■ **THE PROBLEM**:
When you reach the line with "Op zoek naar", transcribe it and each line after it through the last one below, exactly. Pictures stay out.

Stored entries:

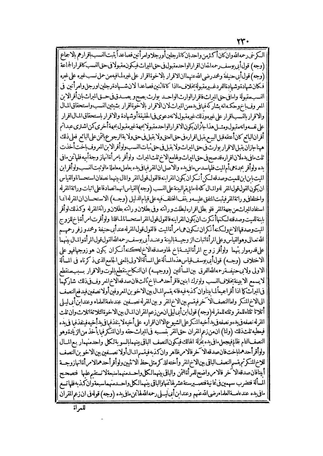 أَبِي حَنِيفَةَ - رَضِيَ اللَّهُ عَنْهُ - (وَأَمَّا) عَلَى قَوْلِهِمَا يَجِبُ أَنْ يَكُونَ إقْرَارُهَا بِاسْتِيفَاءِ الْمَهْرِ مِنْ الزَّوْجِ صَحِيحًا فِي حَقِّ التَّقْدِيمِ عَلَى الْوَرَثَةِ فِي جَمِيعِ مَا أَقَرَّتْ (وَأَصْلُ) الْمَسْأَلَةِ فِي كِتَابِ الطَّلَاقِ فِي الْمَرِيضِ يُطَلِّقُ امْرَأَتَهُ بِسُؤَالِهَا ثُمَّ يُقِرُّ لَهَا بِمَالٍ أَنَّهُ يَصِحُّ إقْرَارُهُ عِنْدَهُمَا لِأَنَّهَا أَجْنَبِيَّةٌ لَا مِيرَاثَ لَهَا مِنْهُ، وَأَبُو حَنِيفَةَ - رَضِيَ اللَّهُ عَنْهُ - يَقُولُ لَهَا الْأَقَلُّ مِنْ نَصِيبِهَا مِنْ الْمِيرَاثِ وَمِمَّا أَقَرَّ لَهَا بِهِ فَهُمَا يَعْتَبِرَانِ ظَاهِرَ كَوْنِهَا أَجْنَبِيَّةً، وَأَبُو حَنِيفَةَ - رَحِمَهُ اللَّهُ - يَقُولُ: يَحْتَمِلُ أَنَّهُمَا تَوَاضَعَا عَلَى ذَلِكَ لِيُقِرَّ لَهَا بِأَكْثَرَ مِنْ نَصِيبِهَا فَكَانَ مُتَّهَمًا فِيمَا زَادَ عَلَى مِيرَاثِهَا فِي حَقِّ سَائِرِ الْوَرَثَةِ فَلَمْ يَصِحَّ فَهَذَا كَذَلِكَ، وَالْعَبْدُ الْمَأْذُونُ فِي حَالَةِ الْمَرَضِ فِي الْإِقْرَارِ بِاسْتِيفَاءِ دَيْنِ الصِّحَّةِ وَالْمَرَضِ كَالْحُرِّ؛ لِأَنَّهُ يَمْلِكُ الْإِقْرَارَ بِاسْتِيفَاءِ الدَّيْنِ وَقَبْضِهِ كَالْحُرِّ، فَكُلُّ مَا صَحَّ مِنْ الْحُرِّ يَصِحُّ مِنْهُ وَمَا لَا فَلَا، وَاَللَّهُ تَعَالَى أَعْلَمُ.
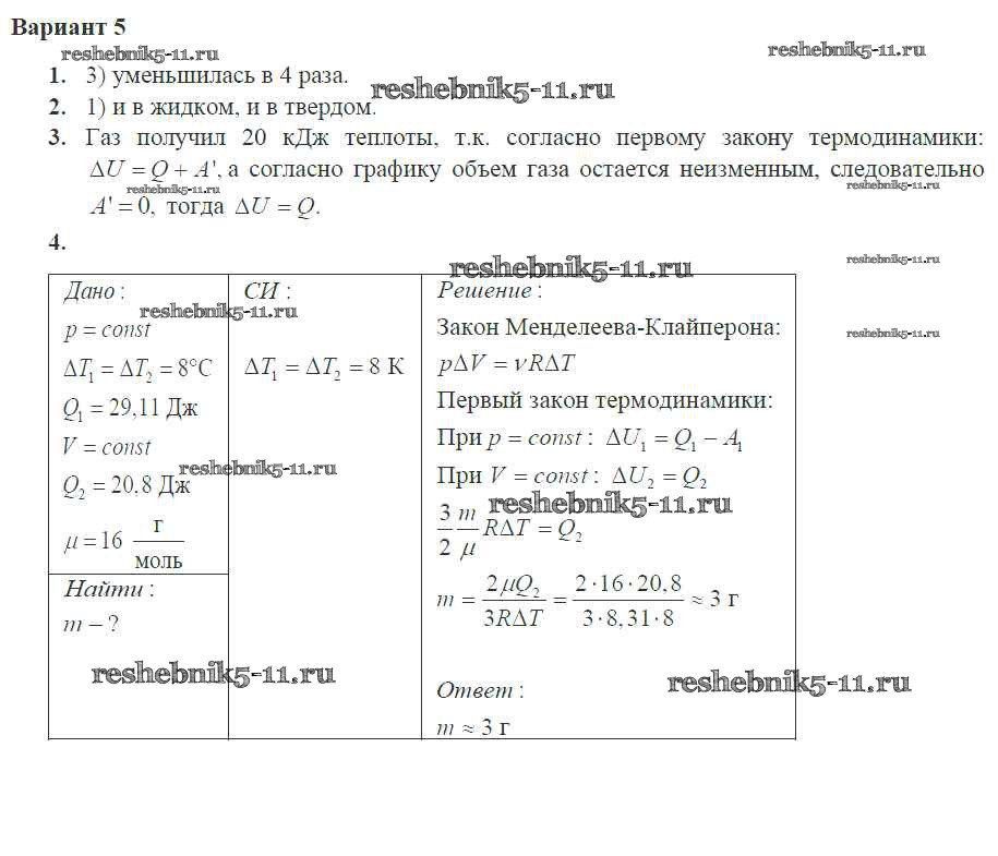 Готовая домашняя работа с ответами по Физике за 10 класс Ерюткин, Ерюткина Самостоятельные и контрольные работы Базовый и углубленный уровень Просвещение 2018 ФГОС - КР 5
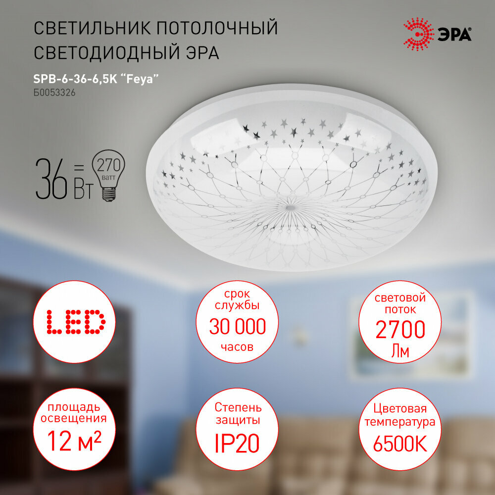 Потолочный светодиодный светильник ЭРА SPB-6-36-65K Feya круглый Б0053326 SPB-6-36-6,5K Feya
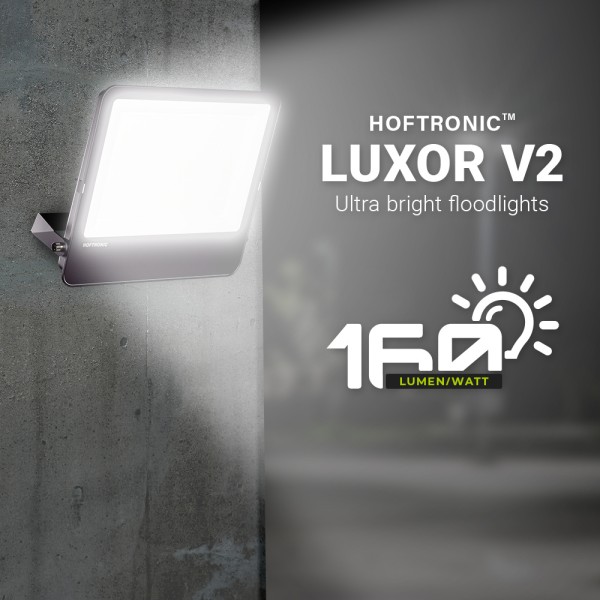 Op zoek naar een zuinige LED schijnwerper, met een lange levensduur en natuurlijke prestaties? Dan kies je voor deze HOFTRONIC Luxor breedstraler. De schijnwerper is uitgerust met de nieuwste technologie LED chips. Hierdoor creëert de breedstraler maar liefst 48000 lumen en verbruikt deze slechts 300 Watt. Door deze hoge efficiëntie van 160 lumen per Watt vervangt deze breedstraler een 3600 Watt halogeen variant. Door het unieke ademende membraan vindt er geen vochtophoping plaats in de lamp. Dit verbetert de levensduur, maar tevens de effectiviteit van de breedstraler. De Luxor LED schijnwerper is voorzien van een anti-glare glas. Hierdoor verblindt de schijnwerper niet wanneer je meteen in de lamp kijkt.
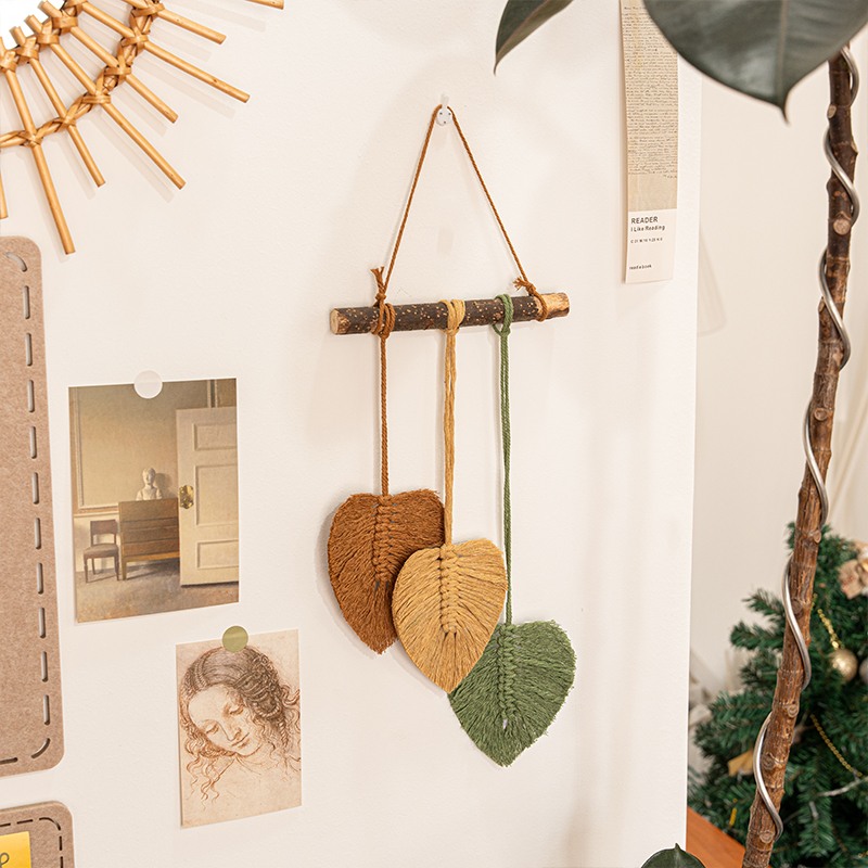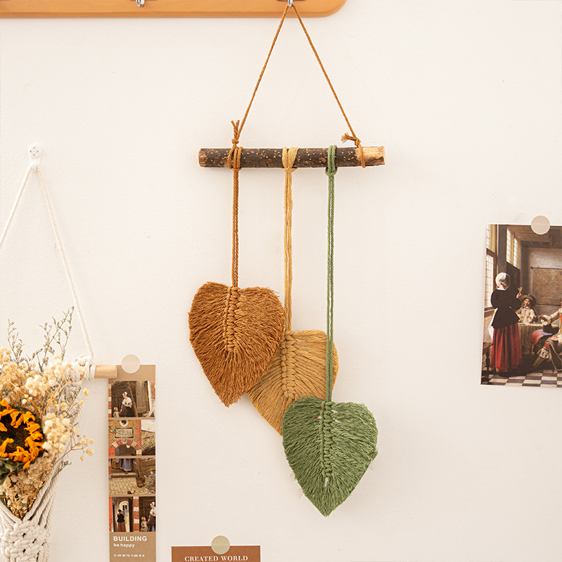 ins风树叶挂件美式复古风壁饰手工编织墙面装饰布置壁挂拍照道具
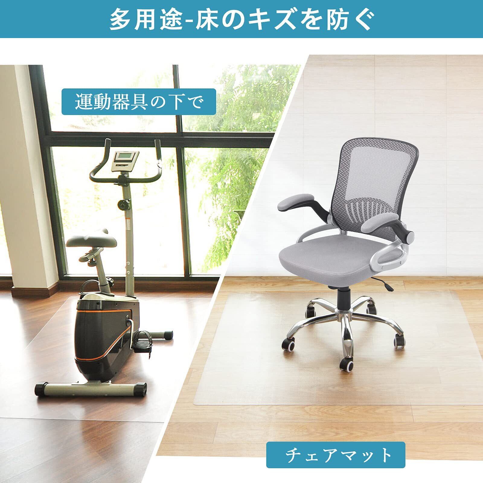【傷防止マット】キャスターの素材によっては床にキズをつけたり、椅子に座ることによってかかる加重で床をへこませてしまう場合があります。この1.5mmPVC製のチェアマットがあれば、床への傷や汚れからしっかり守ってこれらの問題を解決! 詳しい情報は商品の説明欄にご参照くださいますようお願い申し上げます。
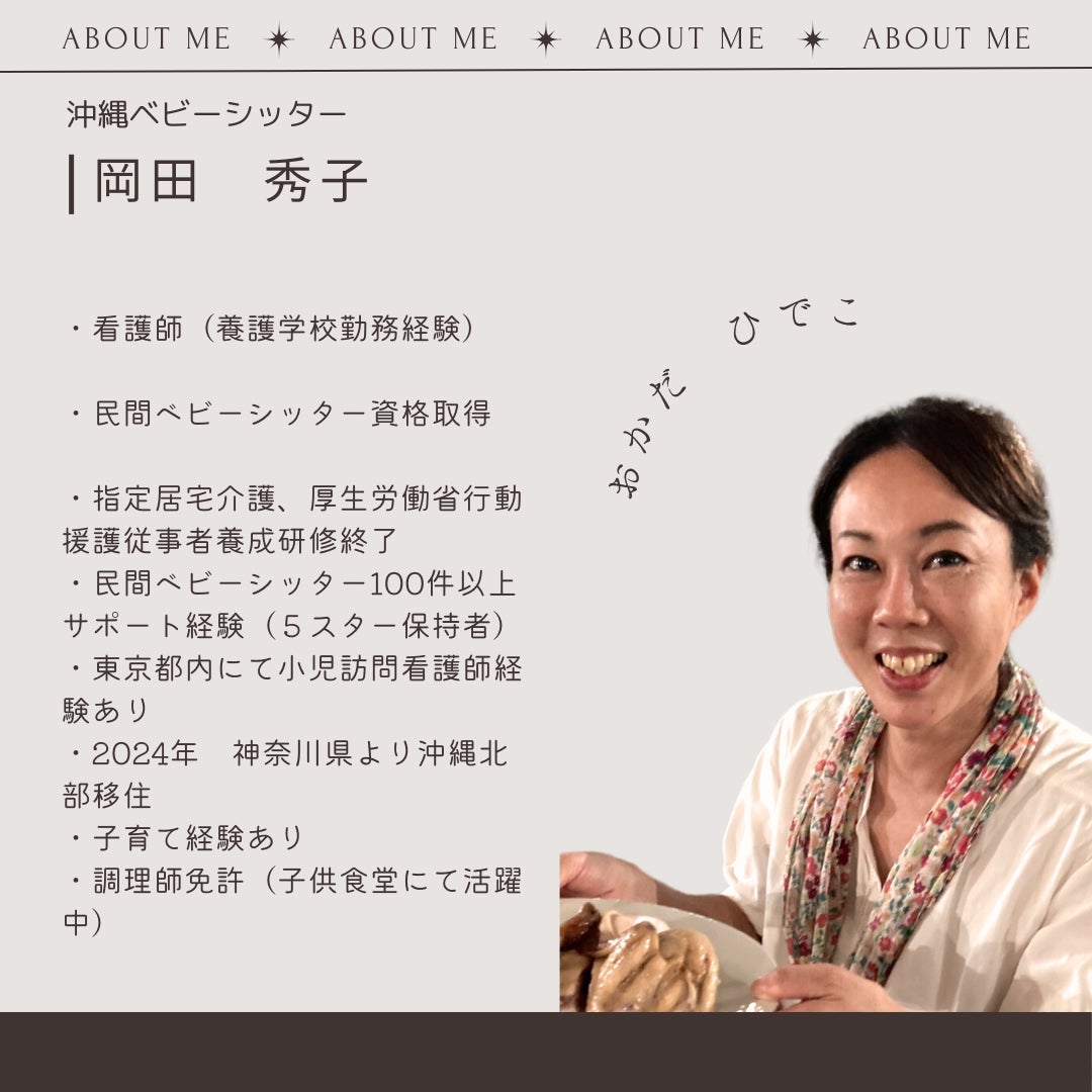 現在、沖縄のベビーシッターとして子育てをしながら、活動をしています。
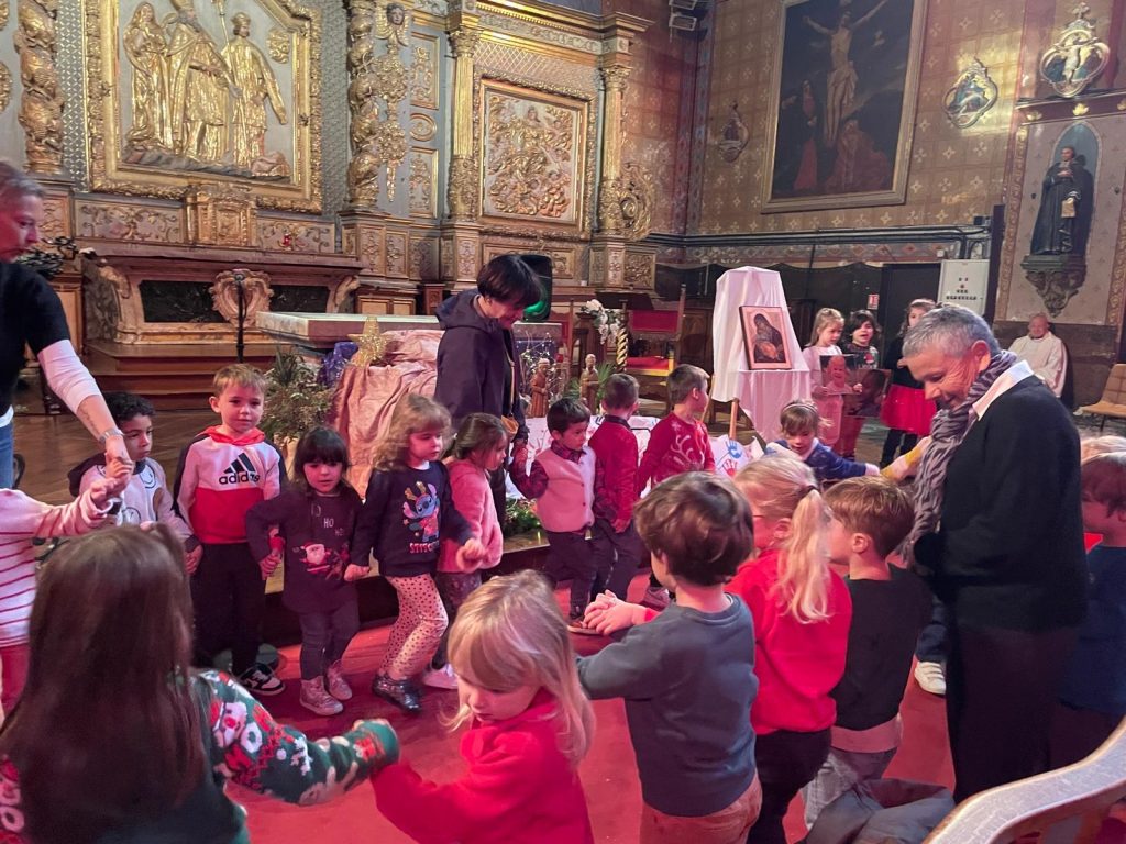 Les collégiens de l’aumônerie, encadrés par Mme Long, ont présenté une saynète de Noël. Les plus jeunes, les élèves de l’école, ont ensuite interprété plusieurs chants traditionnels de Noël, accompagnés par Mme Lanticq, qui a su transmettre leur énergie et leur enthousiasme.

■ **ANSWER SPACE**:
 Op zoek naar een zuinige LED schijnwerper, met een lange levensduur en natuurlijke prestaties? Dan kies je voor deze HOFTRONIC Luxor breedstraler. De schijnwerper is uitgerust met de nieuwste technologie LED chips. Hierdoor creëert de breedstraler maar liefst 48000 lumen en verbruikt deze slechts 300 Watt. Door deze hoge efficiëntie van 160 lumen per Watt vervangt deze breedstraler een 3600 Watt halogeen variant. Door het unieke ademende membraan vindt er geen vochtophoping plaats in de lamp. Dit verbetert de levensduur, maar tevens de effectiviteit van de breedstraler. De Luxor LED schijnwerper is voorzien van een anti-glare glas. Hierdoor verblindt de schijnwerper niet wanneer je meteen in de lamp kijkt.
 ins风树叶挂件美式复古风壁饰手工编织墙面装饰布置壁挂拍照道具
【傷防止マット】キャスターの素材によっては床にキズをつけたり、椅子に座ることによってかかる加重で床をへこませてしまう場合があります。この1.5mmPVC製のチェアマットがあれば、床への傷や汚れからしっかり守ってこれらの問題を解決! 詳しい情報は商品の説明欄にご参照くださいますようお願い申し上げます。
 現在、沖縄のベビーシッターとして子育てをしながら、活動をしています。
 Les collégiens de l’aumônerie, encadrés par Mme Long, ont présenté une saynète de Noël. Les plus jeunes, les élèves de l’école, ont ensuite interprété plusieurs chants traditionnels de Noël, accompagnés par Mme Lanticq, qui a su transmettre leur énergie et leur enthousiasme.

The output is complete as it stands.